A) Qué elementos ofrece la reflexión de Romano Guardini para pensar la relación con
los santos en la Iglesia y en la vida espiritual de cada uno: qué ha de movernos al
encuentro y la devoción de ellos, cómo cultivar un acercamiento adecuado a ellos.

Romano Guardini, Los santos


San Martín de Tours, San Agustín, San Francisco de Asís, Santa Catalina de Siena,
Santa Isabel de Turingia, Santa Teresa de Avila vivieron sobre la tierra sujetas a las
necesidades y deficiencias de la existencia terrena, como los demás hombres. Pero
al mismo tiempo fueron testigos vivientes de un mundo superior, cuyo misterio les
poseyó totalmente. Tomaron con toda serenidad el precepto de amar a Dios con
todas sus fuerzas, más que a sí mismos y al prójimo tan sinceramente como a sí
mismos.

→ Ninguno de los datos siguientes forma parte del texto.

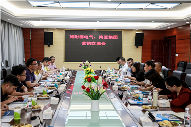为了让这“战略合作伙伴”关系进行得更顺畅,更充分的发挥出“强强合作”的应有效力,经双方商议,于2020年7月22日日下午,在广西南亚集团会议室,召开施耐德电气、南亚集团营销交流会。施耐德电气数字能效事业部总监曾旭峰先生、施耐德电气广西分公司总经理施浩先生、南亚集团董事长蒋学权先生、广西国电建设工程有限公司总经理谢仁秀女士、广西南亚电器有限公司总经理史济敏先生等,以及施耐德电气广西区销售经理、南亚集团的营销经理等30余人参加了此次会议。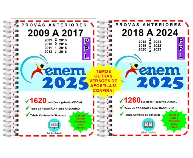Esse anúncio refere-se a 2 apostilas FÍSICAS (não são produtos digitais) que possuem as provas COMPLETAS (1º e 2º dia de aplicação) do ENEM PPL das edições anteriores dos anos de 2009 a 2024 + Gabarito OFICIAL ao final de cada edição. Segue especificações:

Vivieron no solamente para sí, sino para todos los demás, de modo que,
cuando cualquier otro hombre recurrió a ellos en su tribulación se sintió
comprendido y cobijado de un modo peculiar y único. El amor de los hombres entre
sí puede ser muy grande; un padre se desgasta por sus hijos, la madre entrega su
misma sangre. Sin embargo una gran parte de este amor es sólo impulso natural y
sólo paulatinamente y, a base de intenso autodominio, alcanza la libertad del
auténtico amor. Por el contrario el amor de aquellos amigos de Dios tiene su origen
en un olvido de sí mismos, que sólo puede explicarse desde Dios. Sólo así es posible
que quisiesen la salvación de los demás con santa seriedad. Pero ¿debemos recurrir
aún a ese amor santo cuando los corazones que lo abrigaron no laten ya sobre la
tierra? La muerte no es, según la fe cristiana, un término final, sino un tránsito. Los
que mueren en nombre de Cristo no se sumergen en un fondo indeterminado, sino
en una plenitud de realidad santa. Nuestro sentimiento natural nos impulsa a
representamos a los muertos a modo de sombras indeterminadas, de las que
espontáneamente nos apartamos para buscar la cálida luz del sol. Otras veces se
cree que los muertos poseen una inquietante fuerza destructiva, de la que intenta-
mos protegernos. Todos estos sentimientos son superados por la fe. Esta nos
enseña que todos los que han muerto en gracia han alcanzado la «gloria de los hijos
de Dios» y la límpida plenitud de su ser. ¿No nos incita ya esto por sí mismo a
dirigimos a aquellos hombres que ahora viven en la plenitud y que en la tierra
fueron testigos del amor y del poder divinos?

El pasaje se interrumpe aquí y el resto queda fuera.